De la ciudad al campo, eso sí, en uno de los continentes donde hombre y naturaleza parecen más condenados a luchar a muerte. Si la novela original de James Vance Marshall trazaba una bella parábola sobre la convivencia de ambos bandos (llamémosles así), Nicolas Roeg ofrece una visión mucho más pesimista de dicho pacto, agravado éste por los conflictos históricamente mal resueltos (si se permite el eufemismo) entre la comunidad blanca y el pueblo aborigen. Cogiendo como punto de partida el viaje iniciático que este segundo colectivo usaba a modo de ancestral rito de entrada en la edad adulta, Walkabout encuentra su título y su razón de ser. Cuando nos hemos querido dar cuenta, se ha producido una ruptura traumática entre jóvenes y mayores, dejando a los primeros a solas ante un mundo potencialmente maravilloso, pero a primera vista aterradoramente hostil.

La película, téngase esto en cuenta, llega más de una década después de la publicación del material literario de base. A principios de los 70, en plena resaca después de los tsunamis de Woodstock y Charles Manson, el optimismo exultante de la —fallida— revolución hippie se ha convertido en una mezcla explosiva de cinismo y desencanto generalizado, un ambiente en el que Roeg (cineasta que en más de una ocasión declaró que solo creía en la sinceridad de la violencia y de la muerte) se sentía como pez en el agua. O para emplear la jerga al uso, como aborigen en el desierto australiano.

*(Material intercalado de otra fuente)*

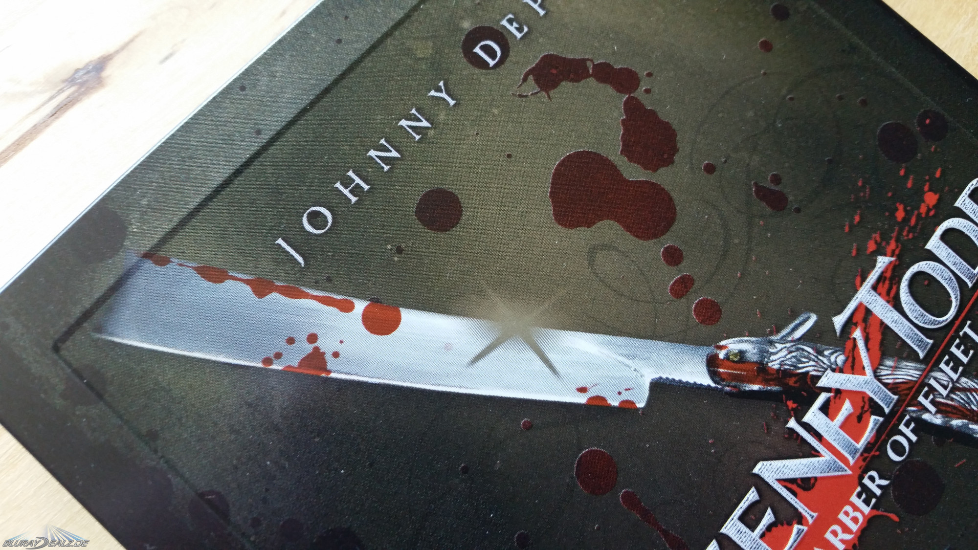Das Steelbook kommt – passend zum Film – äußerst düster daher. Der Rahmen ist, wie auch der Schriftzug „Sweeney Todd“, geprägt. Das Frontcover zeigt eines der Messer des teuflischen Barbiers und ist mit diversen Blutspritzern in unterschiedlich intensivem rot verziert. Vor allem beim Messer ist eine gewisse Liebe zum Detail festzustellen, da der Griff aufwändige Verzierungen erhalten hat und auf der Klinge eine kleine Lichtreflektion eingefangen wurde. Im Hintergrund sind noch einige silberne Verschnörkelungen zu erkennen. Die hellrote Linie unter dem Titel setzt sich über den Rand des Frontcovers hinaus bis zum Verschluss fort.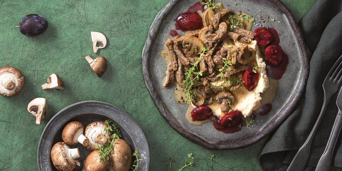 - Püree auf Tellern anrichten, Geschnetzeltes darüber geben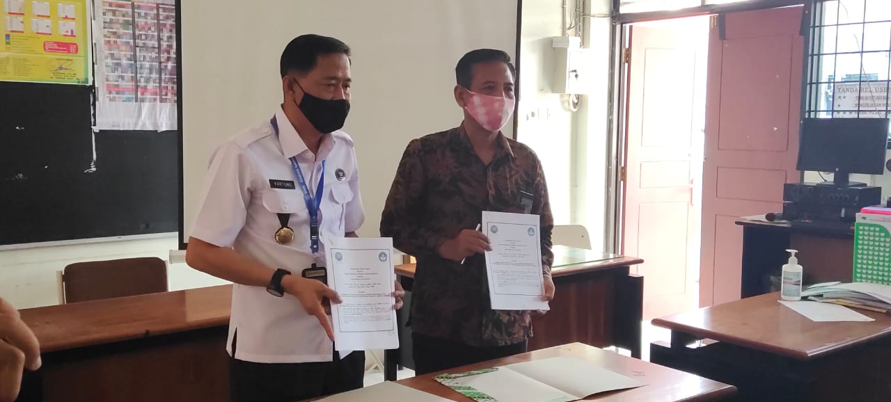 SURABAYAPAGI.COM, Surabaya - Badan Narkotika Nasional Kota atau BNNK Surabaya melaksanakan Perjanjian Kerjasama dengan SMP Negeri 50 Surabaya terkait mencegah terjadinya penyalahgunaan narkoba, Selasa (3/11/2020).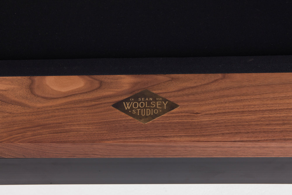 The Sean Woolsey Pool Table has handmade inset drop pockets made from rich black leather to elegant house the balls after you’ve made that killer shot. You’ll also find hand blackened brass rail protectors, brought to life by the Woolsey logo, which harmonises fantastically well with the walnut rails. Black epoxy rail sights are embedded into the walnut which is ideally suited to perfectly aligning your shots.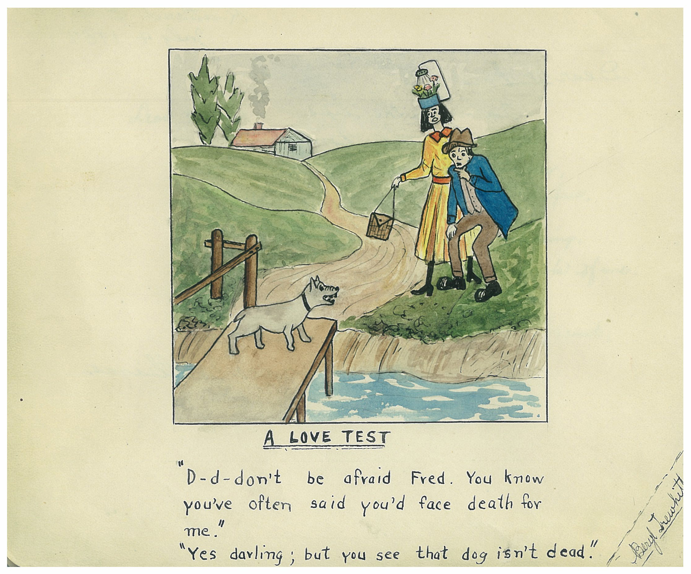 I see that the picture and writing called, A LOVE TEST, was done by my aunt, Beryl Trewhitt. She now lives in New Zealnd and will be 94 in a couple of months. I will write her and tell her about seeing her entry in Wilma Clement’s autograph book. I know she will laugh when she learns about this.

Con Walkabout, la promesa de Nicolas Roeg en Performance se convertiría en talento más que confirmado, preparándonos así para el que sería uno de los grandes hitos del cine de terror de los setenta: Amenaza en la sombra, perfecta evolución genérica de los principios éticos y estéticos tan bien plasmados en la cinta que ahora nos ocupa. Este director de nacionalidad británica, además, irónicamente sería uno de los encargados de definir de paso buena parte de la identidad del cine australiano de dicha década, uno de los mayores booms de creatividad focalizada de la era moderna.

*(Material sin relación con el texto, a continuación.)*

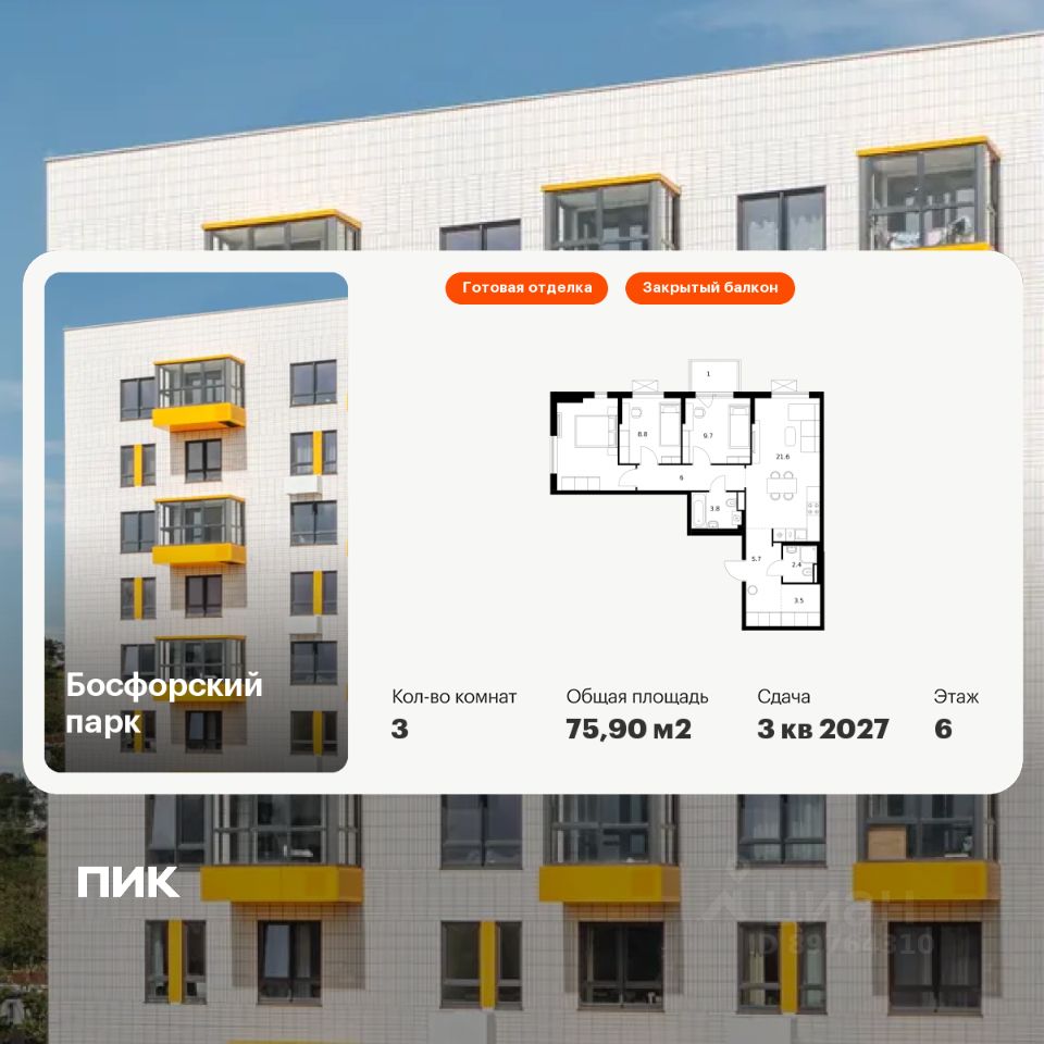 Продаётся 3-комн. квартира площадью 75,9 кв.м на 6 этаже 9 этажного дома (Корпус 9, Секция 1) проекта ПИК Босфорский парк. Светлый просторный подъезд на уровне земли, функциональная планировка, большие окна, c отделкой.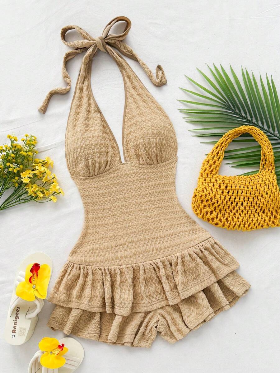 - ボディスーツ 女性用ホリデーホワイト ニット シワ加工 ネック ホルターネック ウエストタイ ラッフルヘムロンパース、パーティー、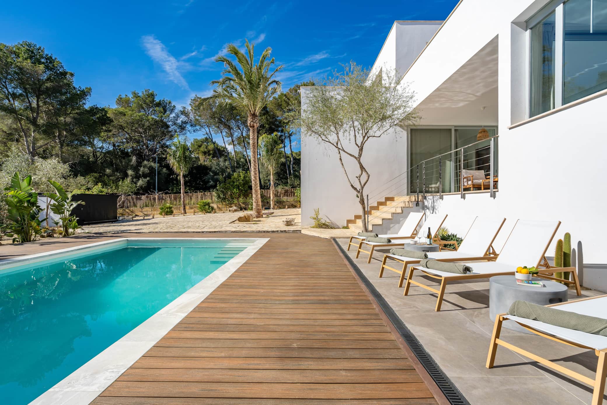 Eine erstklassig ausgestattete Küche, der Essbereich und das Wohnzimmer laden zu gemeinsamen Mahlzeiten und entspannten Abenden ein. Der überdachte Lounge- und Essbereich bietet einen Blick auf den Salzwasserpool und in den grünen, gepflegten Garten. Dort lässt es sich auf dem Daybed besonders gut unter den Palmen entspannen.Â

Ahí donde la novela original de James Vance Marshall tira de la palabra descriptiva del narrador omnisciente, Roeg se apoya en una sensorialidad que solo puede proporcionar el séptimo arte. Sirva de ejemplo la portentosa apertura del film: lección magistral de cómo condensar temáticas y tonos (pongamos las tensiones irreconciliables entre la tradición y el avance monstruoso del progreso) sin usar una sola línea de diálogo. El plano general frontal de una pared montañosa empalma con un muro de ladrillos. Una voz en off nos pide que apostemos, y entonces un sobrecogedor travelling lateral nos descubre el entorno más salvaje de todos: una urbe habitada por una horda de seres totalmente subyugados por un orden artificial, y por ello aberrante. Ahí, un padre mira a sus dos hijos con una expresión peligrosamente cercana al asco. Éstos, le devuelven la mirada con instintiva desconfianza. «Hagan sus apuestas», sí.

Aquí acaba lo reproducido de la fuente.